BOC asks for fifth state court judge
County also creates Senior Services Department

By Joel Hall


After taking several weeks to decide, the Clayton County Board of Commissioners, in a unanimous decision, voted to implore the Georgia General Assembly to create a fifth state court judgeship to help clear a backlog of cases.

The motion had come up in several previous regular meetings of the board, but in each meeting, a decision was delayed.

Clayton County Commission Chairman Eldrin Bell said the board came to Tuesday's decision after learning the county would be able to financially support an additional judge, as well as additional support staff.

"Not unlike the rest of the nation, Clayton County faces budget challenges resulting from revenue losses and increased cost," he said. "However, as late as yesterday, new revenue information has come to us that gives me an increased level of confidence in our financial department's overall financial security. I strongly believe that the good citizens of Clayton County need and deserve justice and in order to provide a level of protection, we must have additional help in our courts to deal with the 4,000 backlogged cases."

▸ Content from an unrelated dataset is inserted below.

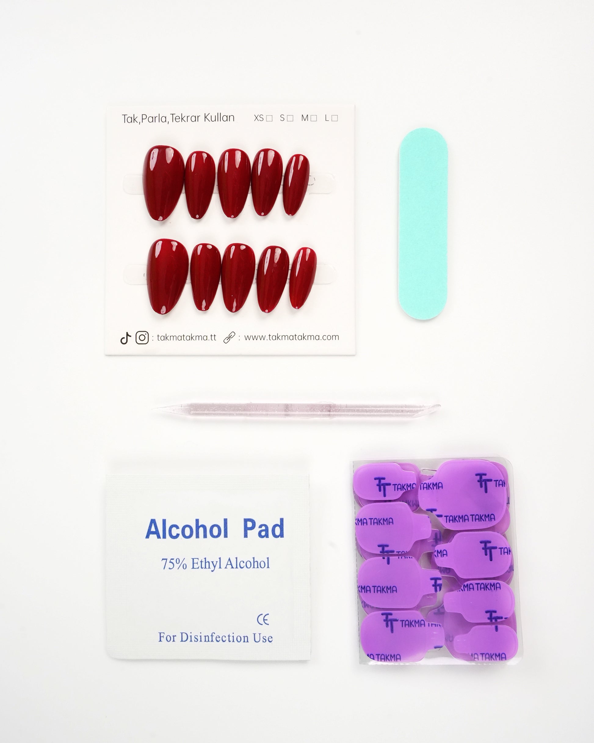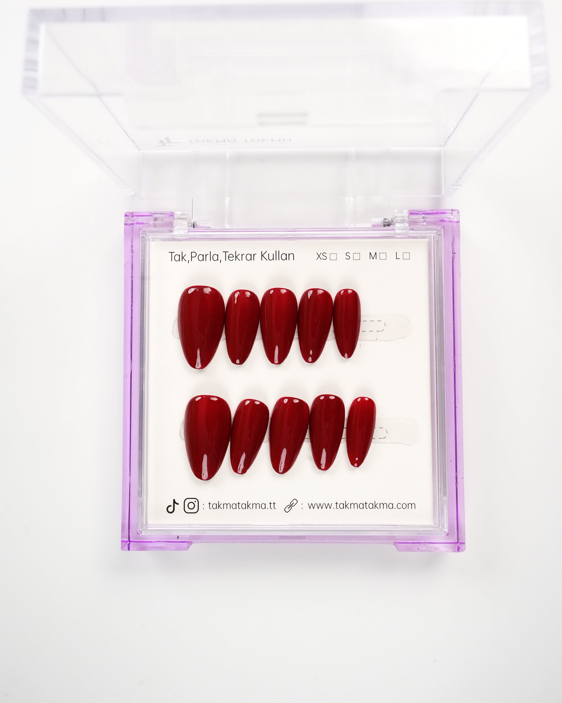 15'li Bordo Kısa Badem KBD1470 - Tekrar Kullanılabilir El Yapımı Protez Takma Tırnak

Yolanda Lewis, court administrator for the Clayton County State and Superior courts, said the decision was "a step in the right direction."

"Right now, you have four judges trying to do the work of 9.7 [judges]," she said. "It certainly shows that we are putting citizens first in regards to justice."

The board also voted unanimously Tuesday to support legislation in the Georgia General Assembly to create a Metropolitan Atlanta Aerotropolis Authority. Bell said that an "aerotropolis," a mixed-used commercial and office development planned for the north end of the county, would provide a boost to the local economy, and that the authority would bring it closer to becoming a reality.

"I'm a firm believer that it's the greatest economic development tool that Clayton County has ever had since the development of the airport," he said.

In addition, the board unanimously approved several reorganization recommendations made by former Chief of Staff Alex Cohilas. Last Thursday, a Clayton County Superior Court judge overturned the board's decision in December to create the chief of staff position.

Renee Bright, director of the county's personnel department, read the recommendations to the board in Cohilas' absence, as Cohilas was excused from the meeting due to a death in the family.

As part of the reorganization, the board put the Refuse Control department under the direction of the Clayton County Prison. Effective immediately, the department will be run by Frank Smith, the prison's warden. The board also separated the county's Senior Services division from the Parks and Recreation department and created an entirely new Senior Services Department.

Bright said the decision would save money and allow the county to better focus on senior citizen issues.

"The discussion took place when [Cohilas] was chief of staff," said Bright. "The duties they [refuse control] perform, they use inmates, so it just made sense. The Parks and Recreation department, their focus is wide. By creating the Senior Services Department, they will focus strictly on seniors."

Clayton County Senior Services Administrator Mary Byrd will become director of the new department, Bright said.